(Extracted records)
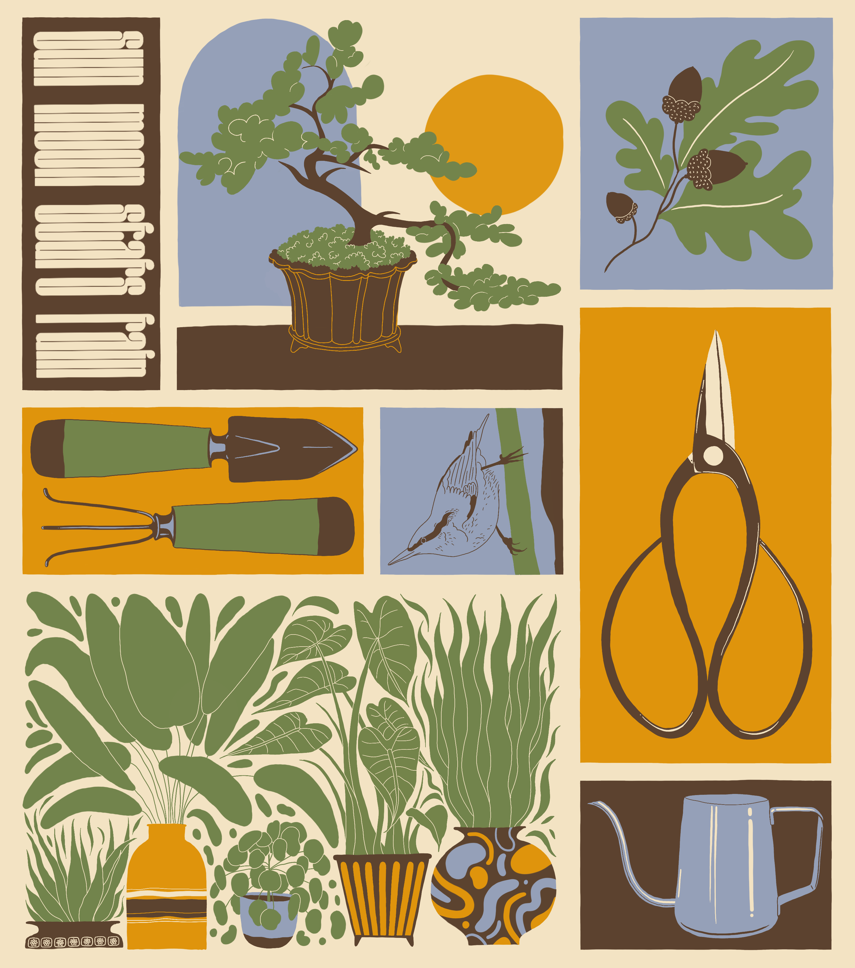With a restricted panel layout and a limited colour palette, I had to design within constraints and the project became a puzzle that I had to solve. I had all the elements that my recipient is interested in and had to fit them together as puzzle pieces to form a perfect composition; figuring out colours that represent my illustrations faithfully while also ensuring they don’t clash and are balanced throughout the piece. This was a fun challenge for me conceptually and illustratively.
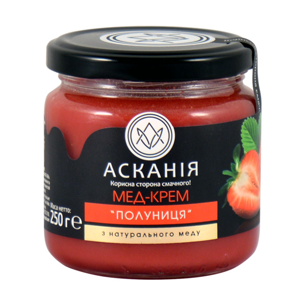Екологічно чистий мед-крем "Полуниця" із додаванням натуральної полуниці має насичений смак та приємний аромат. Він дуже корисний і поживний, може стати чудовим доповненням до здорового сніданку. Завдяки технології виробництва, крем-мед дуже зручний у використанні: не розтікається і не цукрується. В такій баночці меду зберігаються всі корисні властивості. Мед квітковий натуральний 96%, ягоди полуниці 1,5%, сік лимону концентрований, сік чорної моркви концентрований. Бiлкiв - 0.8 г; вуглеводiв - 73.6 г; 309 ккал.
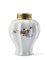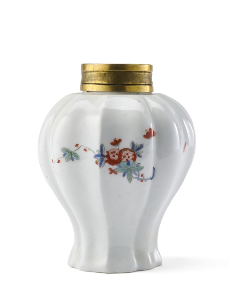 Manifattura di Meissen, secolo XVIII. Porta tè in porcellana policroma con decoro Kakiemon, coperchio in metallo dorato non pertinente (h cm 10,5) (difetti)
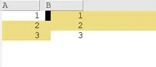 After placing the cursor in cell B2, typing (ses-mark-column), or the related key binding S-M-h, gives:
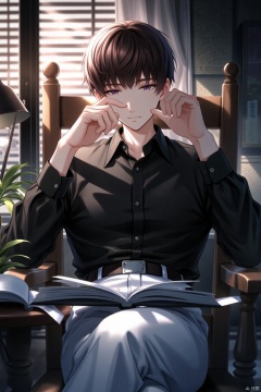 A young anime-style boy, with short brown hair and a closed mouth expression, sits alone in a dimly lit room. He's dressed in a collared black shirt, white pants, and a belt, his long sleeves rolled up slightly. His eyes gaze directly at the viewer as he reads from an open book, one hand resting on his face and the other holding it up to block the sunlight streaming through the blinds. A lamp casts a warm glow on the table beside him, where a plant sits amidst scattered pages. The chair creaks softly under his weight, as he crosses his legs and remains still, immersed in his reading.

*Instructions to follow*.
Nothing should appear in the answer except the lines from the first line of the data through the line holding "After placing the", exactly as written, with pictures left out.

*Response area*.
With a restricted panel layout and a limited colour palette, I had to design within constraints and the project became a puzzle that I had to solve. I had all the elements that my recipient is interested in and had to fit them together as puzzle pieces to form a perfect composition; figuring out colours that represent my illustrations faithfully while also ensuring they don’t clash and are balanced throughout the piece. This was a fun challenge for me conceptually and illustratively.
Екологічно чистий мед-крем "Полуниця" із додаванням натуральної полуниці має насичений смак та приємний аромат. Він дуже корисний і поживний, може стати чудовим доповненням до здорового сніданку. Завдяки технології виробництва, крем-мед дуже зручний у використанні: не розтікається і не цукрується. В такій баночці меду зберігаються всі корисні властивості. Мед квітковий натуральний 96%, ягоди полуниці 1,5%, сік лимону концентрований, сік чорної моркви концентрований. Бiлкiв - 0.8 г; вуглеводiв - 73.6 г; 309 ккал.
 Manifattura di Meissen, secolo XVIII. Porta tè in porcellana policroma con decoro Kakiemon, coperchio in metallo dorato non pertinente (h cm 10,5) (difetti)
 After placing the cursor in cell B2, typing (ses-mark-column), or the related key binding S-M-h, gives:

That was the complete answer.